Last week's digression into a Cliff Notes summary of population migration in the American South aside, faithful readers, both of you, may recall that I'm supposed to be in “Chapter Three, In Which Wallace and Irene Bear Young.”
I find I know surprisingly little about my four sisters growing up in the 1930s and 40s. I wasn't there and I now realize I just haven't heard much about it.
I know that Joyce was the bossy one because she was the oldest, and that Wylene, the youngest, was the baby of the family, which wouldn't be of note except that she still retains that title in her 60s, having solidified her claim to it in the 11 years before I was born.
I know that they sang as a quartet in church. Even after they were grown, I recall being at mountain meetings where a choir director would spot them and say “I see the Millsaps' girls out there, we'd sure appreciate it if you'uns would come up and sang us a spayshul,” and they would nail the harmony on a mountain spiritual even though they hadn't all seen each other in months, much less practiced. I recall at the age of 5 seeing Wylene sing on Atlanta television, on a local show called Stars of Tomorrow.
I also know that I had it a lot easier growing up than they, financially, of course, but also in terms of personal freedom. I know, for example, that my sister Jewel was not allowed to be the head majorette and had to settle for being a cheerleader, because majorettes marched around “half naked” at football games, and that my mother would run my sisters' suitors out of the house at 10 p.m., where they would stand on the porch and serenade her with “Good Night Irene” (“I'll see you in my dreams.”). This was partly due to their being girls, but more so because times had changed and the fact that I was spoiled rotten by my parents and four sisters who were more like doting aunts.
The one area in which things did not change that much in my parent's child rearing was discipline. My sisters say that if they misbehaved in my mother's presence, she would whip them. My father's discipline was to talk to them, and they always tried to finagle the whipping instead, because that pain soon stopped, but although my father didn't nurture grudges- there was just the one talking to and the incident was never mentioned again-- I well know the occasions when I disappointed my father still hurt to recall, and I still try to refrain from like behavior.
My mother often told me that her highest hope for me was that I become “a Christian Gentleman,” which was for her the highest praise a man could achieve. She had definite ideals about what that entailed and a hair-trigger temper when violations were observed. I don't remember her ever taking a belt or paddle to me (although I got that in school), but I vividly recall occasions when she grabbed me by the shirt front and slapped my face right and left.

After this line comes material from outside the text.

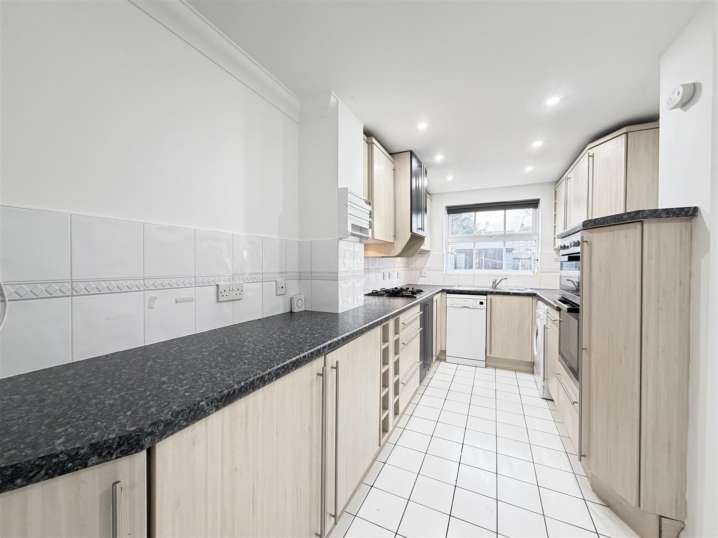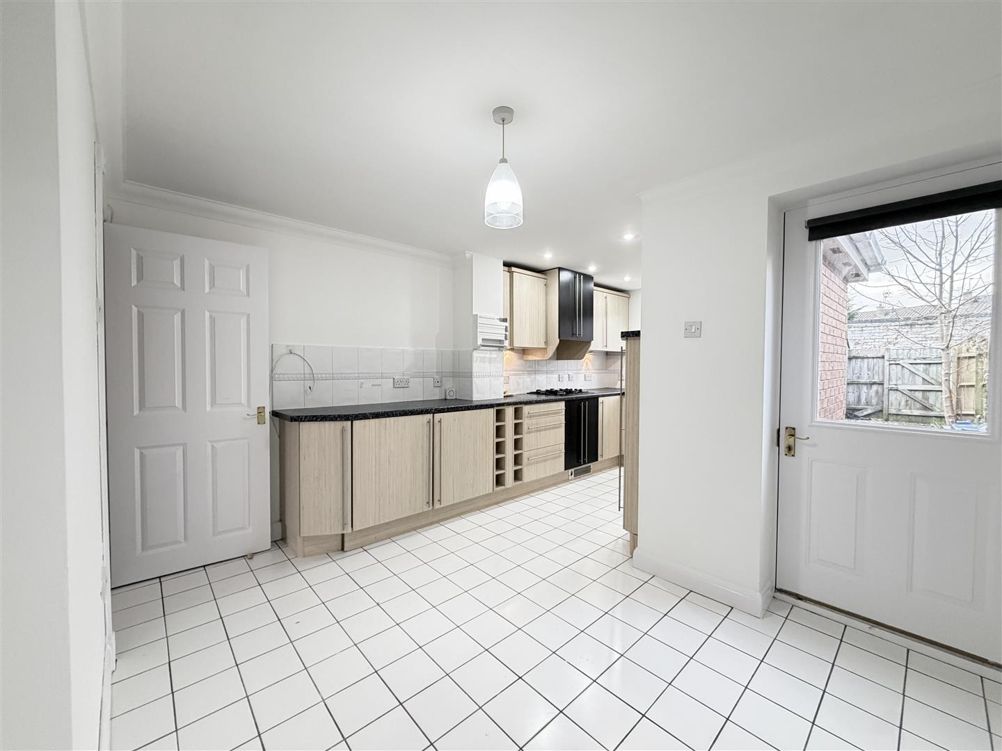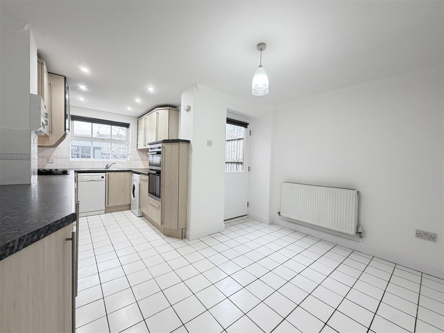 Fully fitted kitchen with range of beech effect floor and wall units. White goods to include electric oven, gas hob with extractor over, washing machine, fridge, freezer, slim line dishwasher. Ceramic tiles to the floor and door to the back garden.

One such occasion was when I was 6. A kid in Sunday School class had told me a joke which began with “Knock. Knock. Who's there? Madame,” and ended with the joke teller's foot being stuck in the door. I chose to repeat this joke for the first time to my cousin Diane while we were sitting with our legs sprawled on the front porch of her house, just outside the screen door, on the other side of which our parents were conversing.
I had led such a sheltered life that I had never heard this profanity uttered before my friend told the joke and had thought on hearing it that it was safe euphemism for “darn,” which I knew I wasn't permitted to say.
My mother, it seems, had heard this word before, and before I could get out “foot stuck in the door,” the screen door slammed and I was jerked up in bewilderment with my head being knocked from side to side in staccato rhythm to “Don't – ever – let – me --”
As long-term behavior modification, it wasn't too damn effective.